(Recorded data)
::::

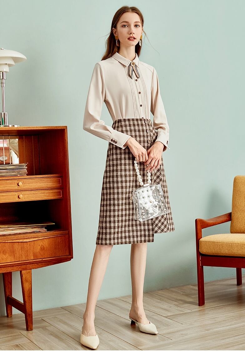 全2種 ブラウス 長袖 ラップスカート ひざ丈 ボウタイ リボン パール装飾 スカート ひざ下丈 チェック柄 ベイクドカラー Aライン ラップスカート 秋冬 お出かけ デート 女子会 通勤 オフィス フォーマル カジュアル きれいめ フェミニン エレガント 大人可愛い ガーリー
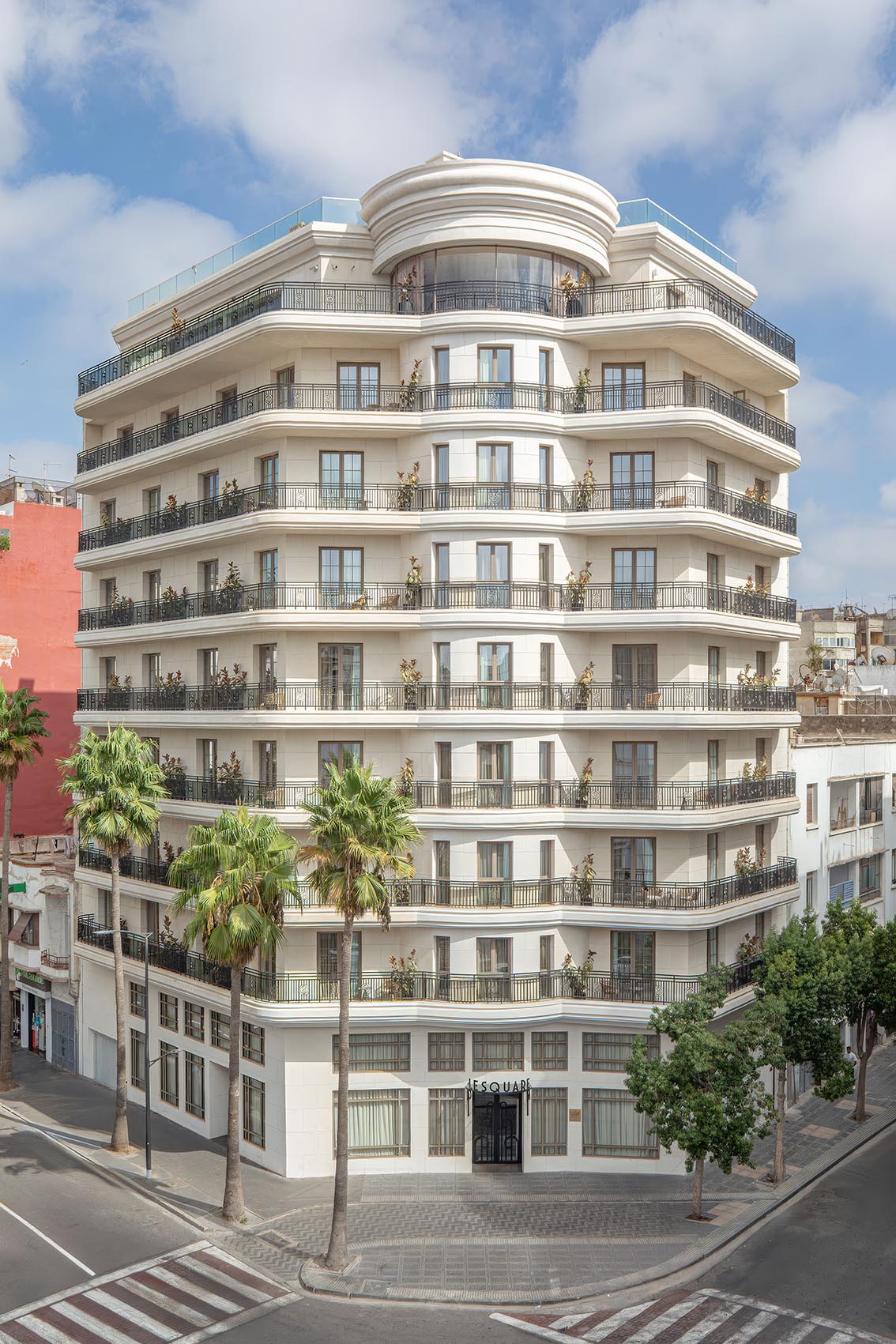 Situé dans le quartier de Gauthier, Le Square s’inscrit dans la continuité de l’architecture Art Déco de Casablanca, qu’il réinterprète avec une écriture contemporaine mesurée. L’immeuble affirme une présence urbaine élégante, rythmée par des lignes courbes, des volumes étagés et des détails graphiques inspirés des années 1930.
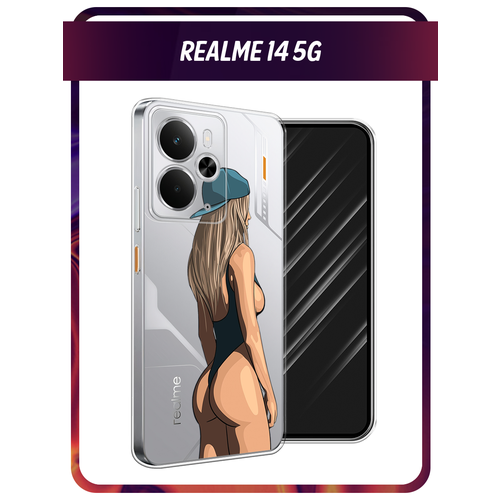 Чехол на Realme 14 5G / Реалми 14 5G с принтом Девушка в черном купальнике, прозрачный
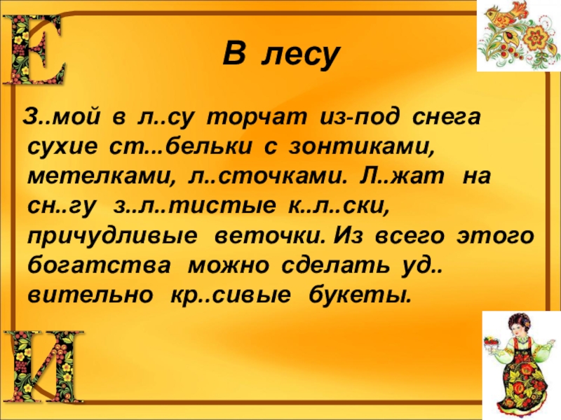 с зонтиками, метелками, л..сточками. Л..жат на сн..гу з..л..тистые к..л..ски, причудливые веточки. Из всего этого богатства можно сделать уд..вительно кр..сивые букеты.
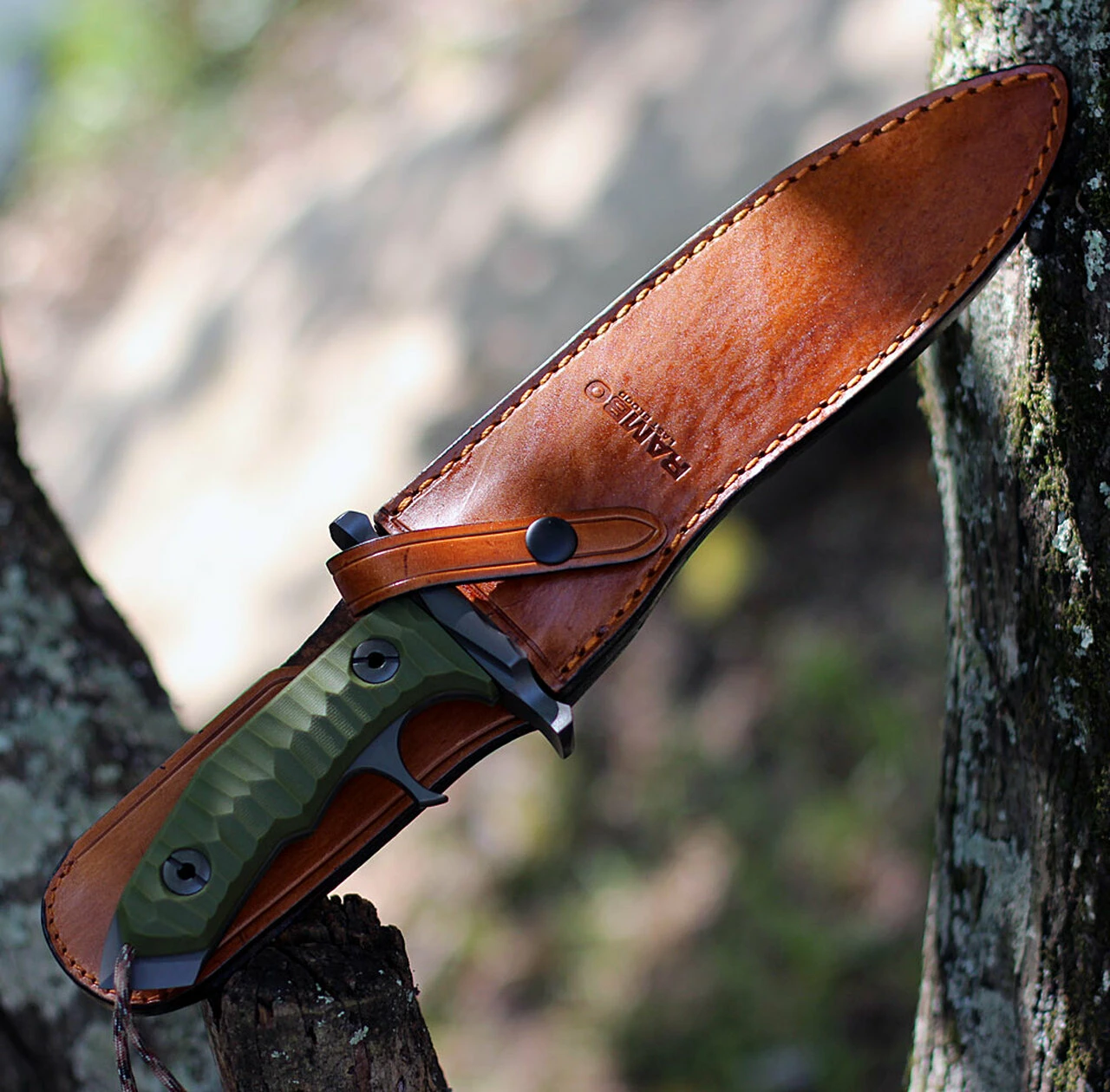 This limited edition Rambo: Last Blood Heartstopper knife is an amazing piece of movie memorabilia. Few props from any movie are as iconic as John Rambo’s knives, and now, you can make one yours. This licensed replica was made by meticulous measuring of the actual knife used in Rambo: Last Blood, and has been crafted to exact standards, including the buffalo leather sheath with leg tie and camo paracord lanyard.
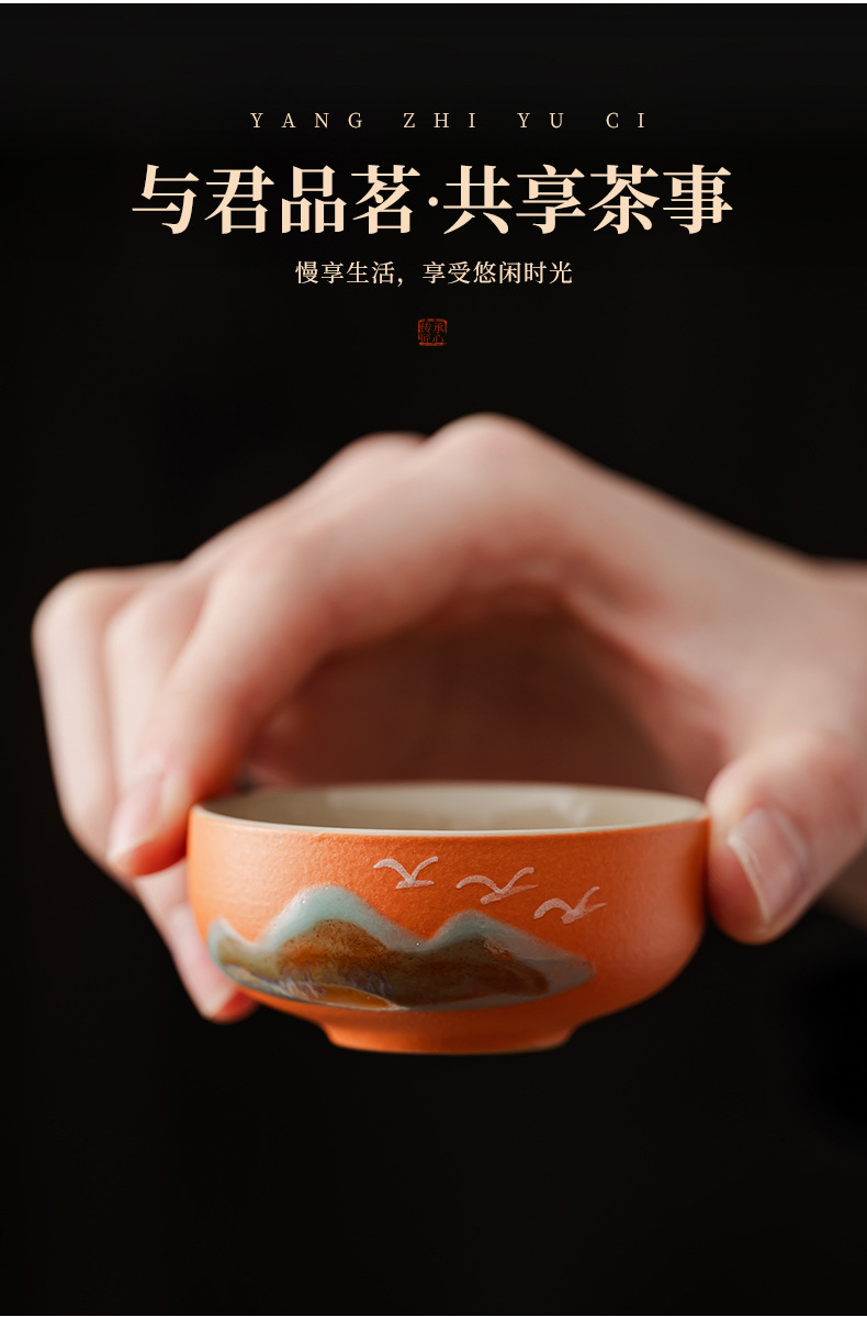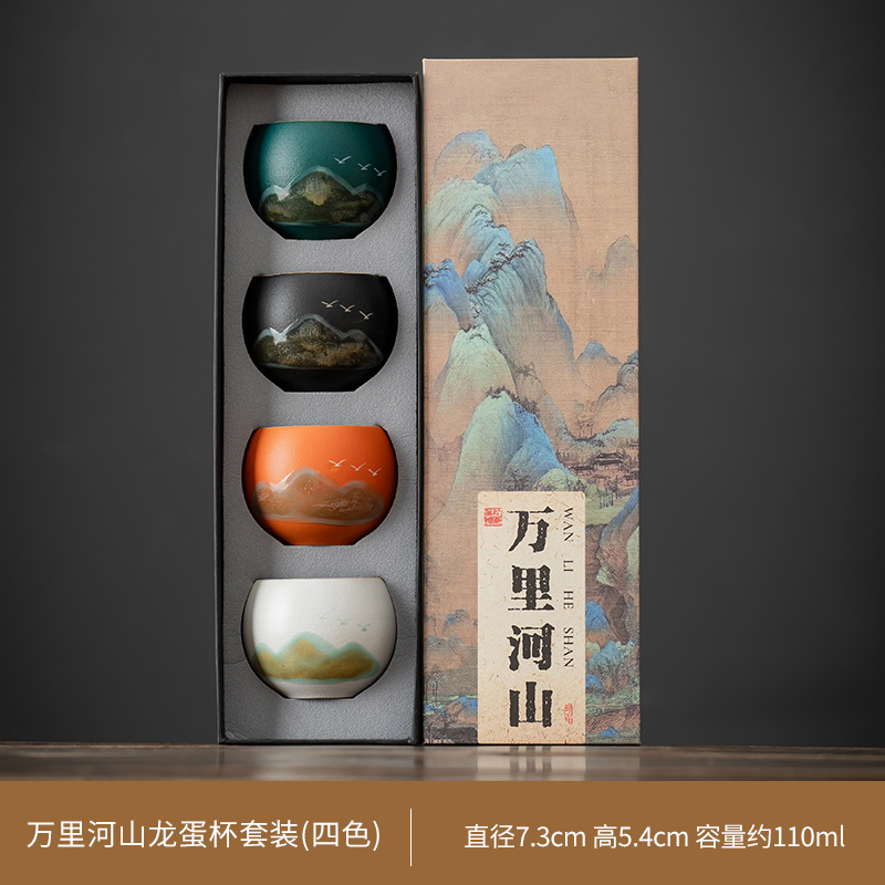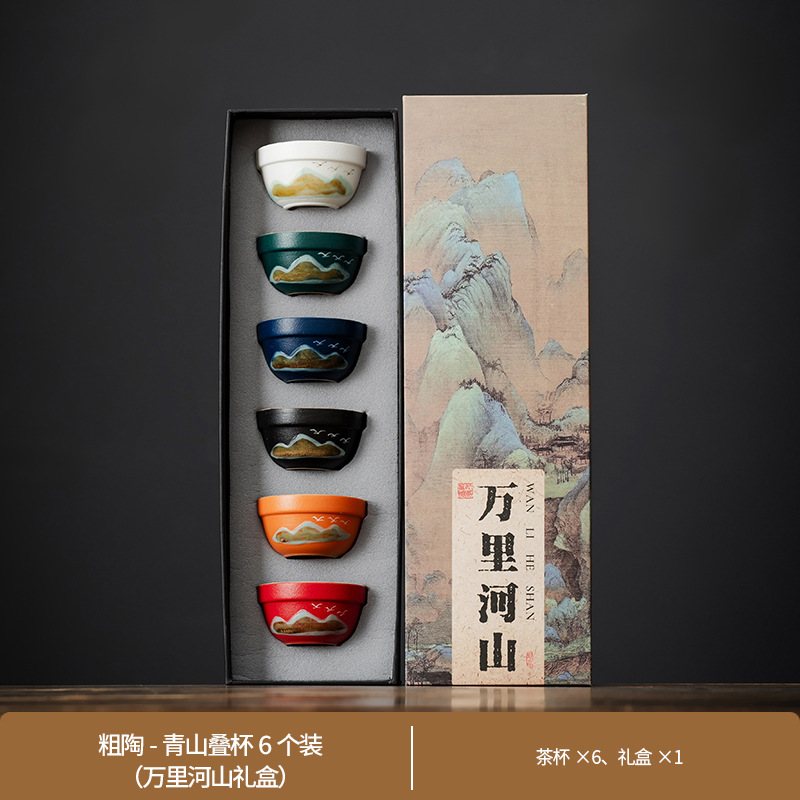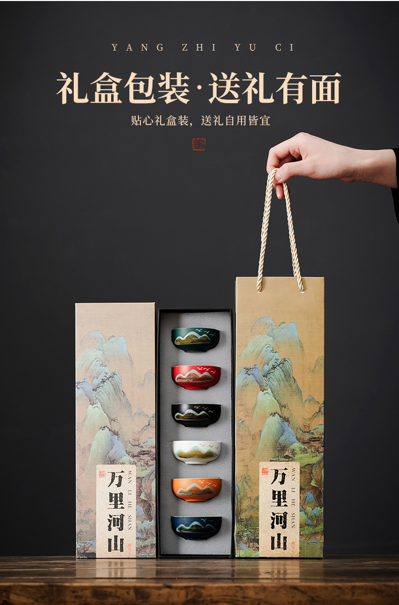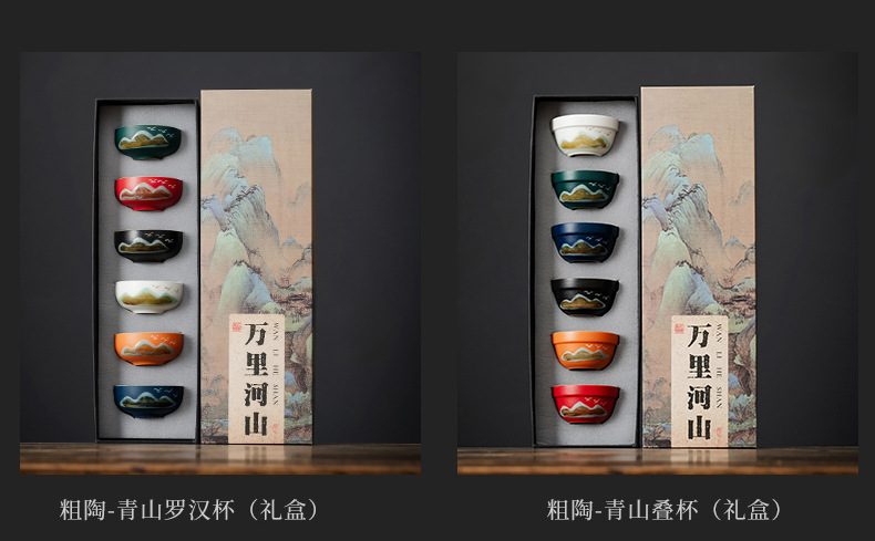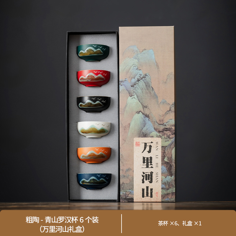 国潮文创粗陶陶瓷茶杯品茗杯主人杯功夫茶具定制礼盒装企业伴手礼

::::

### Work item
Return the line containing "Situé dans le" and every line after it through the end of the records above, exactly and nothing else, but not the pictures.

### Response to this task
 Situé dans le quartier de Gauthier, Le Square s’inscrit dans la continuité de l’architecture Art Déco de Casablanca, qu’il réinterprète avec une écriture contemporaine mesurée. L’immeuble affirme une présence urbaine élégante, rythmée par des lignes courbes, des volumes étagés et des détails graphiques inspirés des années 1930.
 Чехол на Realme 14 5G / Реалми 14 5G с принтом Девушка в черном купальнике, прозрачный
 с зонтиками, метелками, л..сточками. Л..жат на сн..гу з..л..тистые к..л..ски, причудливые веточки. Из всего этого богатства можно сделать уд..вительно кр..сивые букеты.
 This limited edition Rambo: Last Blood Heartstopper knife is an amazing piece of movie memorabilia. Few props from any movie are as iconic as John Rambo’s knives, and now, you can make one yours. This licensed replica was made by meticulous measuring of the actual knife used in Rambo: Last Blood, and has been crafted to exact standards, including the buffalo leather sheath with leg tie and camo paracord lanyard.
 国潮文创粗陶陶瓷茶杯品茗杯主人杯功夫茶具定制礼盒装企业伴手礼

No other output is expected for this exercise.